To explicitly set the route, do bedrock/converse/<model> or bedrock/invoke/<model>.
E.g.
- SDK
- PROXY
from litellm import completion
completion(model="bedrock/converse/us.amazon.nova-pro-v1:0")
Alternate user/assistant messages
Use user_continue_message to add a default user message, for cases (e.g. Autogen) where the client might not follow alternating user/assistant messages starting and ending with a user message.
model_list:
- model_name: "bedrock-claude"
litellm_params:
model: "bedrock/anthropic.claude-instant-v1"

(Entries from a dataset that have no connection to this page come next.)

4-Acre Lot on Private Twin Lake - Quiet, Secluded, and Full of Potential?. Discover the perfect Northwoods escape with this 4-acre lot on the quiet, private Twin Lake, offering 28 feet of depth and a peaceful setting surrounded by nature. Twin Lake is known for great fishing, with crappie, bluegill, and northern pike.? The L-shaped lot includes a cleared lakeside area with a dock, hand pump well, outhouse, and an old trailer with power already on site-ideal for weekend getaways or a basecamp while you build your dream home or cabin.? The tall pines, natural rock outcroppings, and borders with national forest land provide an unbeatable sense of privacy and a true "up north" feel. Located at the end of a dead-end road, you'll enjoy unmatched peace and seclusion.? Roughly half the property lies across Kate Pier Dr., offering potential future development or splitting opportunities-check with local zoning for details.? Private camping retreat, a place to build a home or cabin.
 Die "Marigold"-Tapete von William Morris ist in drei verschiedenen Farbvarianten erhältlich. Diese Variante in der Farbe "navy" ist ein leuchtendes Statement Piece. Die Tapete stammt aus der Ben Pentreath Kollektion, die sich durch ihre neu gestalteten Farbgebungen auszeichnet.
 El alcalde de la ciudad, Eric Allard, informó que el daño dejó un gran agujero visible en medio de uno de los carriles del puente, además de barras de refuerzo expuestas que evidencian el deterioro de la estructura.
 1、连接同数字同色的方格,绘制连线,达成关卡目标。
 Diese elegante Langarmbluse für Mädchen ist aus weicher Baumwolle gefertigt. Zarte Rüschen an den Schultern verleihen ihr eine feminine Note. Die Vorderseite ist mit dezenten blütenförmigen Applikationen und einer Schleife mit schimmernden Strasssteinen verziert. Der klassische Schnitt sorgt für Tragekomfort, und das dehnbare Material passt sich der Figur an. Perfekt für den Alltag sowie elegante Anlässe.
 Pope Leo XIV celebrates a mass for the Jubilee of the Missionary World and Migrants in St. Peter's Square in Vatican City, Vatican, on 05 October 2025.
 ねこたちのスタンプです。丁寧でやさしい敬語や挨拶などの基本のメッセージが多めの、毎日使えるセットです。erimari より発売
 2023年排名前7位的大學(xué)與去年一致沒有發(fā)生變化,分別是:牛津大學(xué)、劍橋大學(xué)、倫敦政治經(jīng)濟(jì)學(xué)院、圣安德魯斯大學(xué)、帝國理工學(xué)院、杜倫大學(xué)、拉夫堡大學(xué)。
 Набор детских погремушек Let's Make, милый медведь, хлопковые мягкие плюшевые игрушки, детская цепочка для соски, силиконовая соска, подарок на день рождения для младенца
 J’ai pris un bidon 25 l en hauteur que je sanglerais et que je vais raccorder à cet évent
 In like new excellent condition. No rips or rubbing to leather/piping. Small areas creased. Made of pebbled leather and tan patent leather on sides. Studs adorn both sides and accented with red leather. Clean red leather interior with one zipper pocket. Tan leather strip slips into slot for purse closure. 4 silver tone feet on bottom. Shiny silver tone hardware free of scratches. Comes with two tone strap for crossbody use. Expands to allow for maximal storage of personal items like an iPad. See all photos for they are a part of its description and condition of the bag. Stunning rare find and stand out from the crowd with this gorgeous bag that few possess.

user_continue_message: {"role": "user", "content": "Please continue"}
OR
just set litellm.modify_params=True and LiteLLM will automatically handle this with a default user_continue_message.
model_list:
- model_name: "bedrock-claude"
litellm_params:
model: "bedrock/anthropic.claude-instant-v1"
litellm_settings:
modify_params: true
Test it!
curl -X POST 'http://0.0.0.0:4000/chat/completions' \
-H 'Content-Type: application/json' \
-H 'Authorization: Bearer sk-1234' \
-d '{
"model": "bedrock-claude",
"messages": [{"role": "assistant", "content": "Hey, how's it going?"}]
}'
Usage - PDF / Document Understanding
LiteLLM supports Document Understanding for Bedrock models - AWS Bedrock Docs.
info
LiteLLM supports ALL Bedrock document types -
E.g.: "pdf", "csv", "doc", "docx", "xls", "xlsx", "html", "txt", "md"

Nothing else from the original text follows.